EXERCISE DETAILS: Retype the listing exactly, minus its pictures.

SUPPLIED DATA:
[Start of Attachment]

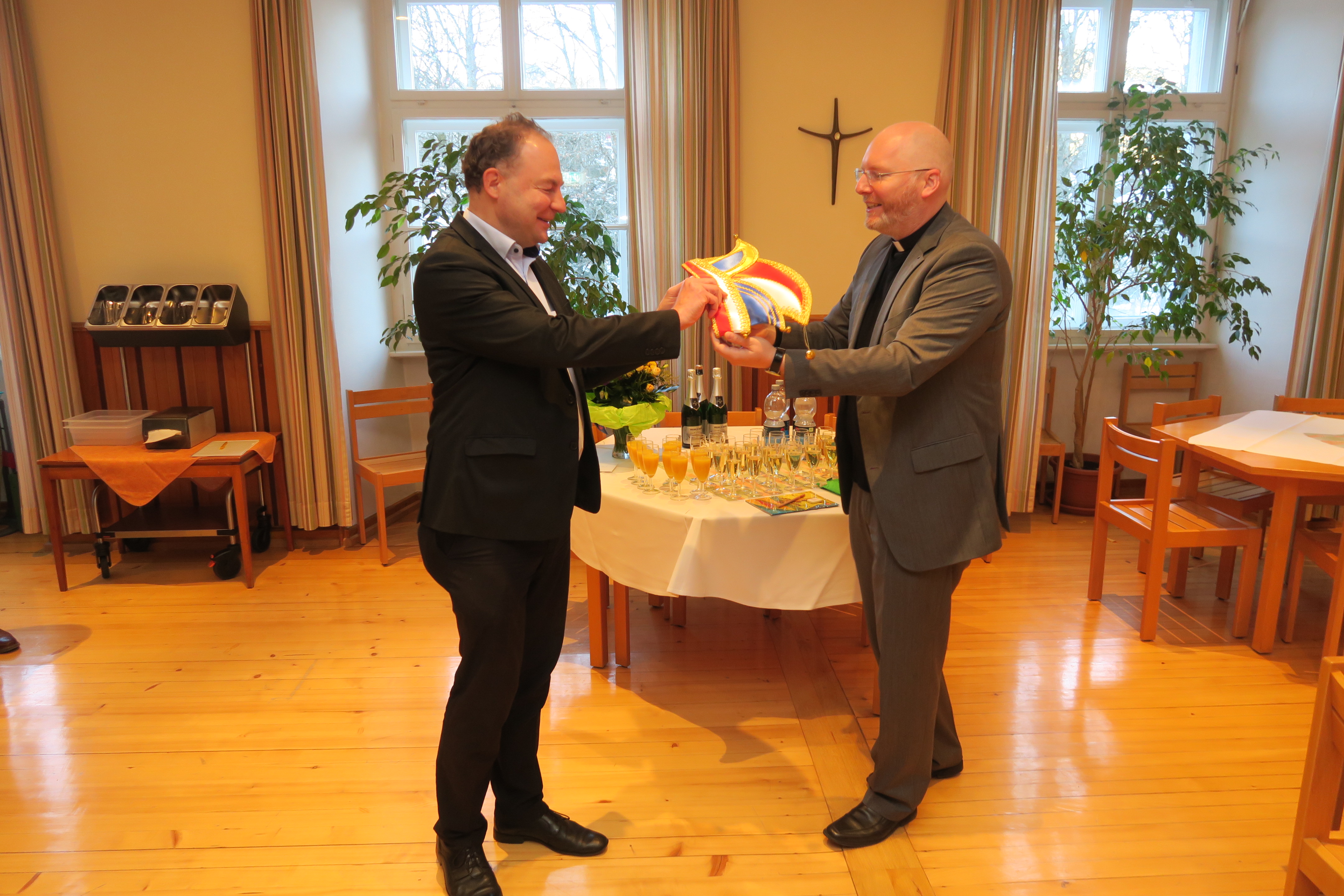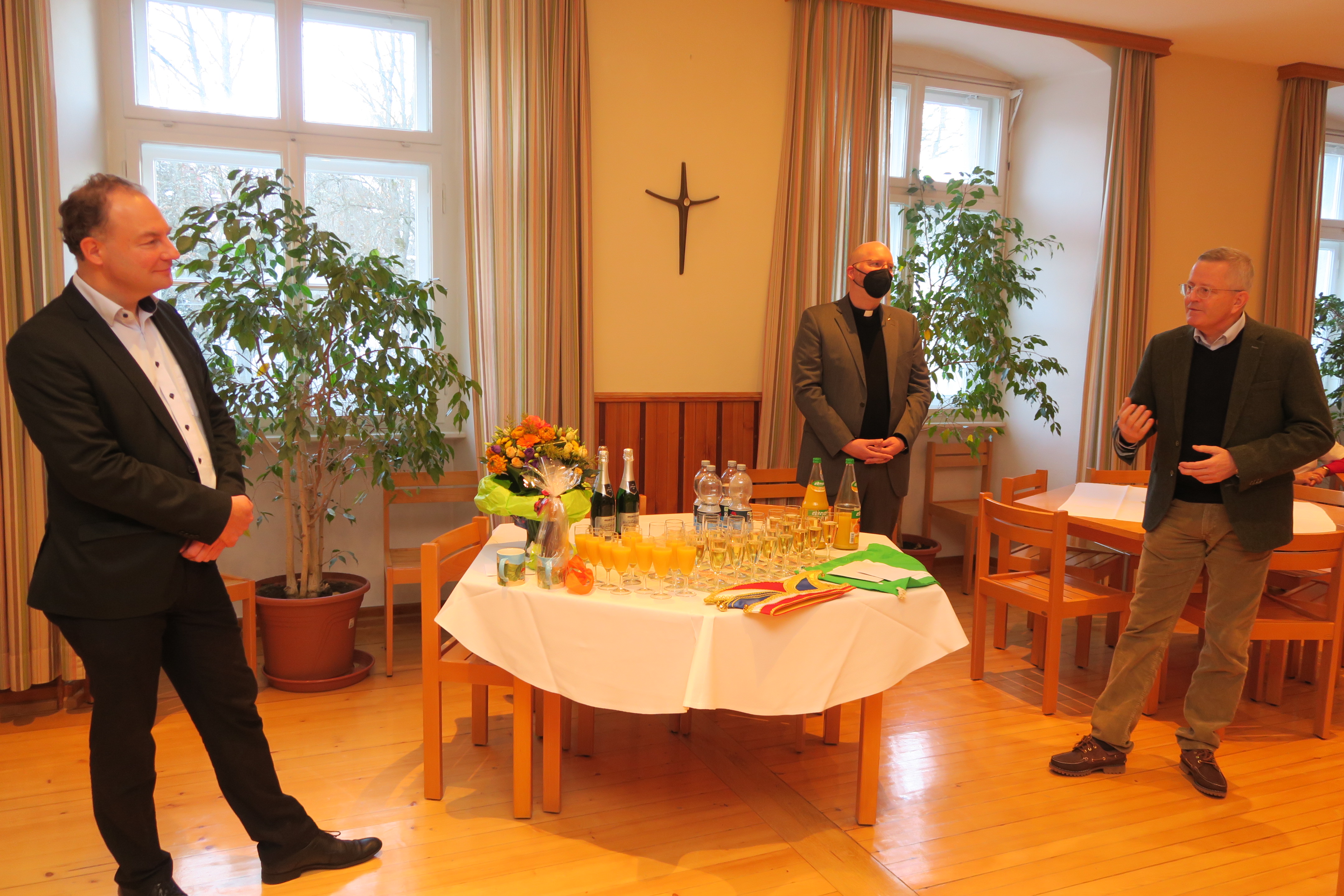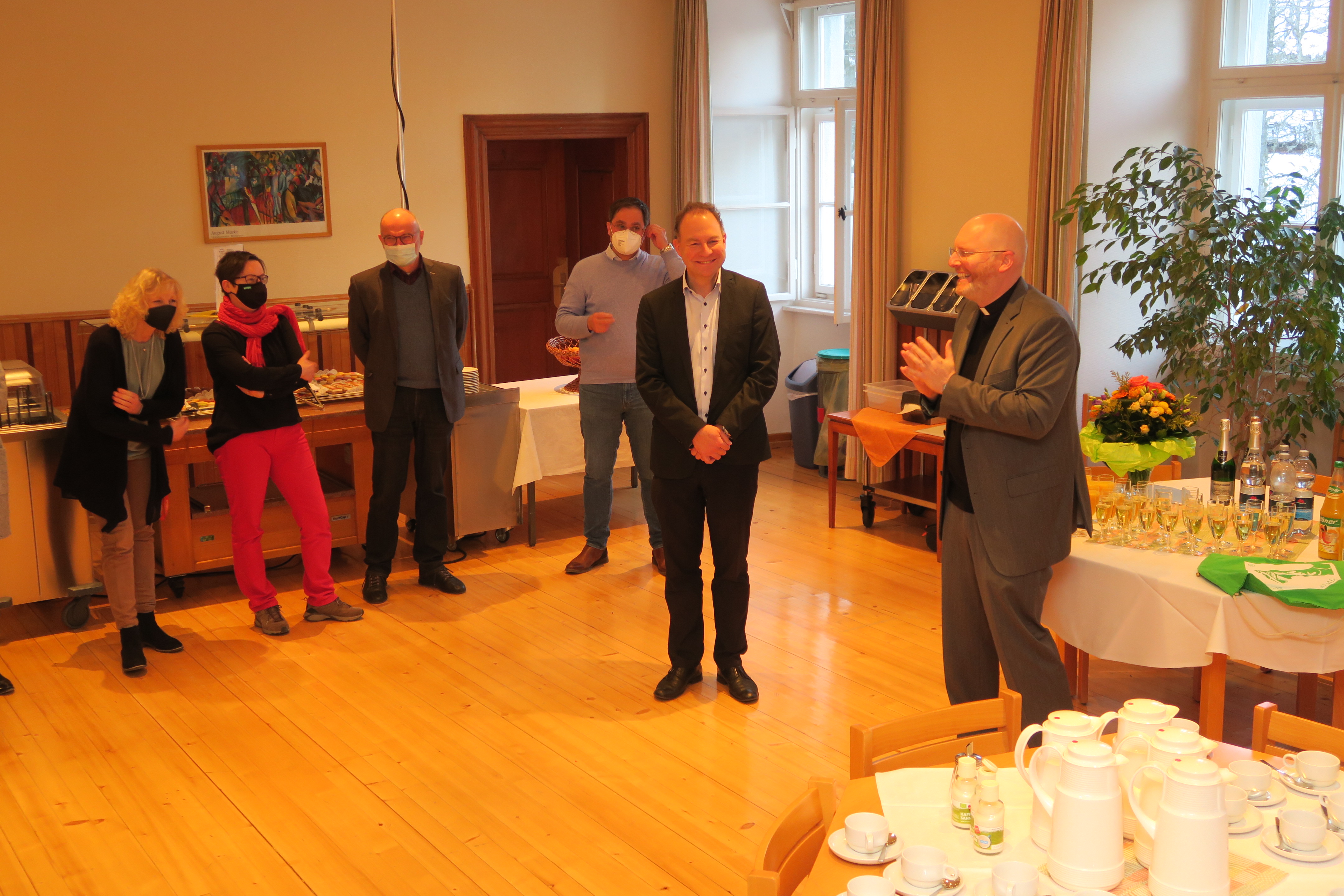 In diesen Tagen findet der Stabwechsel in der Geschäftsleitung am Kolleg statt. Wegen der Coronalage konnte leider keine Verabschiedung von Daniel Poznanski in größerem Rahmen mit externen Gästen stattfinden. Daher fand am Dienstagvormittag (25. Januar) eine kleine Zusammenkunft statt, um Herrn Poznanski gebührend zu danken und persönlich „Auf Wiedersehen“ sagen zu können. Kollegsdirektor P. Rieder SJ würdigte in dieser Feierstunde seinen unermüdlichen Einsatz und seine großen Verdienste für das Kolleg in den vergangenen sieben Jahren. Wir wünschen ihm von Herzen alles Gute und Gottes Segen! Christian Niederhofer übernimmt ab 1. Februar den Posten des Wirtschaftsleiters am Kolleg.
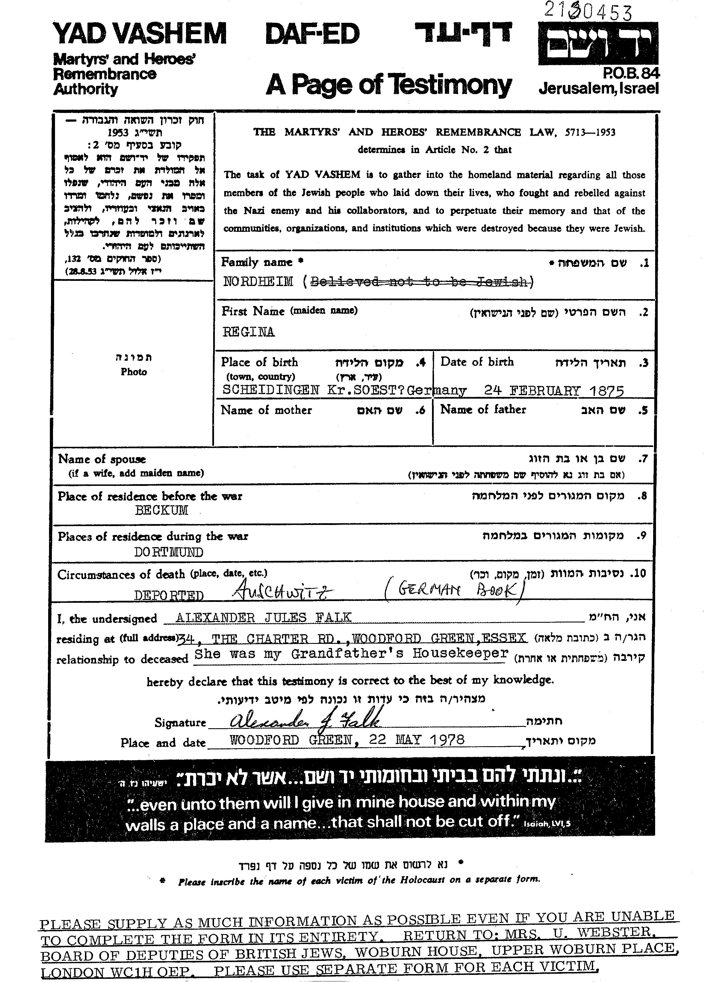 Regina Nordheim nació en Soest, Alemania en 1875. Antes de la segunda guerra mundial vivía en Beckum, Alemania. Durante la guerra estuvo en Dortmund, Alemania.
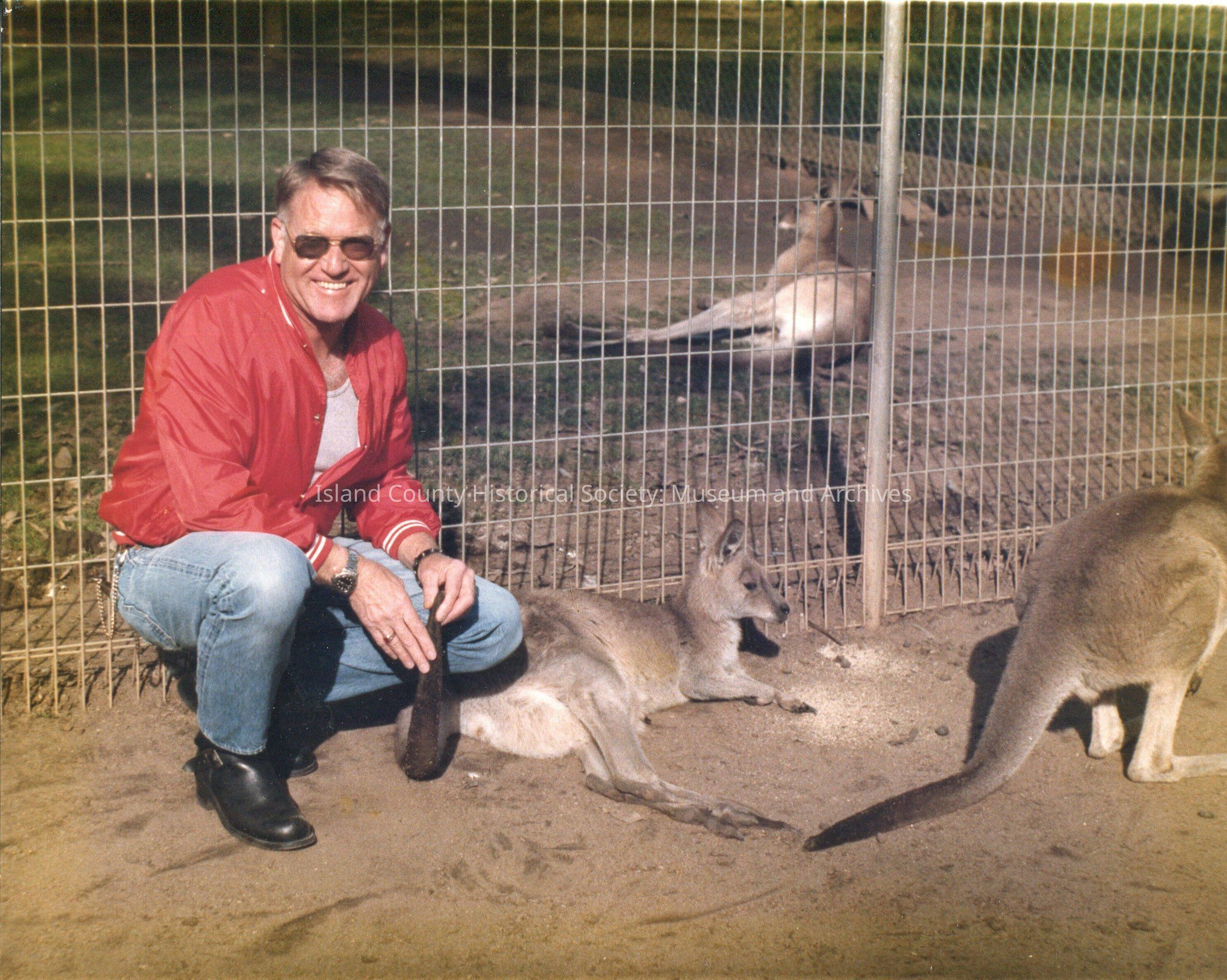 Digital copy only of a color photo of Ron Van Dyk in a fenced area with several kangaroos. He is wearing sunglasses, a red jacket and jeans. No year or description.
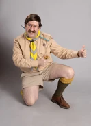 Pat is dressed in a traditional scoutmaster's uniform consisting of shorts, shirt - which has a few badges on it - and a neckerchief fastened by a woggle; a woggle is a type of leather ring or loop through which the scout scarf is threaded to keep it in place. Pat also wears large glasses befitting the 80s and, most notably, has part of a broken arrow protruding from his throat where it pierced both neck and scarf. The scoutmaster has dark brown hair and a large moustache. He's also not overly tall as he stands at roughly 5' 5''.

[End of Attachment]

RESULT:
 In diesen Tagen findet der Stabwechsel in der Geschäftsleitung am Kolleg statt. Wegen der Coronalage konnte leider keine Verabschiedung von Daniel Poznanski in größerem Rahmen mit externen Gästen stattfinden. Daher fand am Dienstagvormittag (25. Januar) eine kleine Zusammenkunft statt, um Herrn Poznanski gebührend zu danken und persönlich „Auf Wiedersehen“ sagen zu können. Kollegsdirektor P. Rieder SJ würdigte in dieser Feierstunde seinen unermüdlichen Einsatz und seine großen Verdienste für das Kolleg in den vergangenen sieben Jahren. Wir wünschen ihm von Herzen alles Gute und Gottes Segen! Christian Niederhofer übernimmt ab 1. Februar den Posten des Wirtschaftsleiters am Kolleg.
 Regina Nordheim nació en Soest, Alemania en 1875. Antes de la segunda guerra mundial vivía en Beckum, Alemania. Durante la guerra estuvo en Dortmund, Alemania.
 Digital copy only of a color photo of Ron Van Dyk in a fenced area with several kangaroos. He is wearing sunglasses, a red jacket and jeans. No year or description.
 Pat is dressed in a traditional scoutmaster's uniform consisting of shorts, shirt - which has a few badges on it - and a neckerchief fastened by a woggle; a woggle is a type of leather ring or loop through which the scout scarf is threaded to keep it in place. Pat also wears large glasses befitting the 80s and, most notably, has part of a broken arrow protruding from his throat where it pierced both neck and scarf. The scoutmaster has dark brown hair and a large moustache. He's also not overly tall as he stands at roughly 5' 5''.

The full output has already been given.